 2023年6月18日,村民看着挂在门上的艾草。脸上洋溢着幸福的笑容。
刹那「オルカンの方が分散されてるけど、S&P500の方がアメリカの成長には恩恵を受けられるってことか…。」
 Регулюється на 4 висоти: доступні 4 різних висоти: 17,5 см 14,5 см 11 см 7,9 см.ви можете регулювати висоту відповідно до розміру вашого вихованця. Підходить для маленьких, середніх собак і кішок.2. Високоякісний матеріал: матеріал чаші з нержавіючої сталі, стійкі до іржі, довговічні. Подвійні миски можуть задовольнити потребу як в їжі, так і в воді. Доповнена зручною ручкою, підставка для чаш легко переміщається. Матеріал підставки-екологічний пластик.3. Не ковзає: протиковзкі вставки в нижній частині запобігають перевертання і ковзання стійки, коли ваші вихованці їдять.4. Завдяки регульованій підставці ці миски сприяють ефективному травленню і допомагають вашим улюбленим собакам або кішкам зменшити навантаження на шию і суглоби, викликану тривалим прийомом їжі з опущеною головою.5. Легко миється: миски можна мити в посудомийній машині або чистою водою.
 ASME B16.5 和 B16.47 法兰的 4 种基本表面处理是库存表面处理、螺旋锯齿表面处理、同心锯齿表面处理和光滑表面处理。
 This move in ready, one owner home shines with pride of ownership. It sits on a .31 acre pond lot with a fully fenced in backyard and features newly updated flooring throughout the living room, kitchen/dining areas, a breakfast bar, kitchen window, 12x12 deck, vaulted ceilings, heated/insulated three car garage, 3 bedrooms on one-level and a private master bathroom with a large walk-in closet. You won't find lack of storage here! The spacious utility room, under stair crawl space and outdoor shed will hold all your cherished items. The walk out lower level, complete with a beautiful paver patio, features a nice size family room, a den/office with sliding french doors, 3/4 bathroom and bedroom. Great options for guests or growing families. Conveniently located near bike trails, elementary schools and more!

● ● ● ● ● ● ●

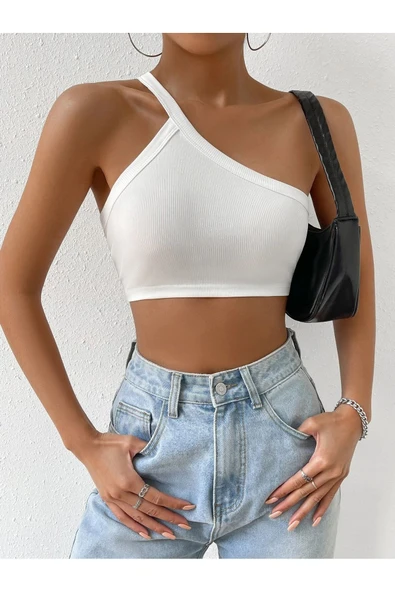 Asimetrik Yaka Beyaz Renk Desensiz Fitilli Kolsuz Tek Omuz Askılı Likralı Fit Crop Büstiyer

● ● ● ● ● ● ●

■ TASK DETAILS:
Retype exactly the span of lines from the one with "2023年6月18日,村民看着挂在门上的艾草。脸上洋溢着幸福的笑容。" through the one with "刹那「オルカンの方が分散され"; include both ends and omit the rest of the material.

■ PROBLEM SOLUTION:
 2023年6月18日,村民看着挂在门上的艾草。脸上洋溢着幸福的笑容。
刹那「オルカンの方が分散されてるけど、S&P500の方がアメリカの成長には恩恵を受けられるってことか…。」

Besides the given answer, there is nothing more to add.